Kenan Bey: “Risale-i Nur okurken düz okuyorum. Onu daha iyi anlayarak nasıl okuyabilirim? En baştan ne yapmam lâzım?”
Risale-i Nur okumak
Risale-i Nur okumak üniversitede okumak gibidir. Bu üniversitenin hocası, profesörü yine kendisidir.
Talebelik süresi ömür boyudur!
Sertifika tarihi ölümdür.
Bu üniversiteden mezun olmuyorsunuz; hayat boyu talebelikle beraber stajyerliğe devam ediyorsunuz.
Görev yeri dünya, berzah ve ahirettir.
Önünüze çok çetin ve çok çetrefilli imtihan soruları gelir. Bu alanda uzman olmak zordur. Böyle bir iddianız da olmaz. Ama onu okudukça doyulmaz bilgi ve hikmet kazanırsınız. Kazandığınız bilge kişilikle nefsinizin ve insanların rehberi olursunuz. Bediüzzaman bu meselede haklı olarak şöyle diyor: “Bu risaleleri bir sene okuyan bu zamanın mühim bir âlimi olabilir.”1
Risale-i Nur’u anlamak için
Risale-i Nur’un derslerini anlamak için gereken ekipmanlar: Sözlükten önce ihlâs ve sebat, aşk ve şevk, vefa ve sadâkattir!
Başlangıçta sözlük gerekmiyor.
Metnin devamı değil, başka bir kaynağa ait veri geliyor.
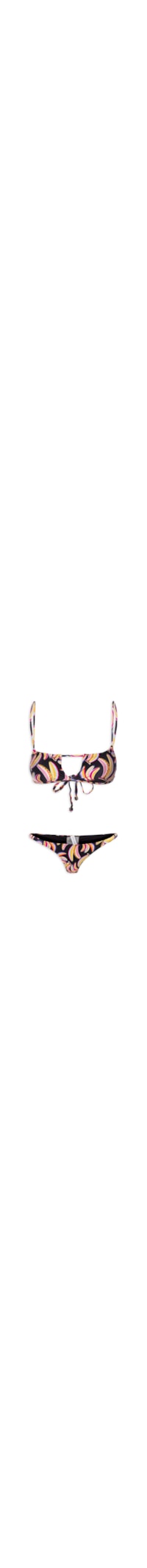 O biquíni preto é confeccionado em malha cirrê de média elasticidade. O top possui decote reto, alças finas reguláveis embutidas na parte frontal, estampa figurativa de bananas em tons contrastantes, forro, bojo removível e fechamento posterior em tiras para amarração. A calcinha de modelo tanga possui cintura baixa, laterais finas com elástico embutido, parte posterior com franzido para efeito push up, estampa figurativa de bananas em tons contrastantes, forro e acabamento elástico.
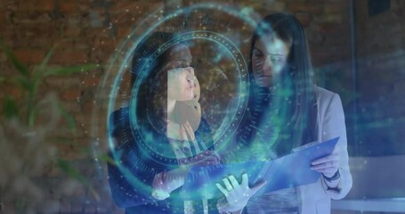 Digital Interface Overlay On Business Discussion In Modern Office Videos

Aslında sonradan da sözlük gerekmiyor. O sizin sebatınızı ve samimiyetinizi görüp, kendisini size açıyor.
Sebat ve samimiyet görmediğinde ise kapılarını kilitliyor. Bu defa bin sözlük de bulsanız nafile! Onu anlayamazsınız! Onu yarı yolda bırakmayın; o sizi yarı yolda bırakmaz. Ona “anlamıyorum” demeyin. Ona vefasızlık yapmayın. O kendisini size açar, ama önce bir bedel ister! Onun bedeli sebattır, samimiyettir, vefadır, sadâkattir, ondan vazgeçmemektir.
Ortalıkta, “anlaşılmaz” diye çok silik sözler dolaşıyor. Bunlara aldırmayın sakın!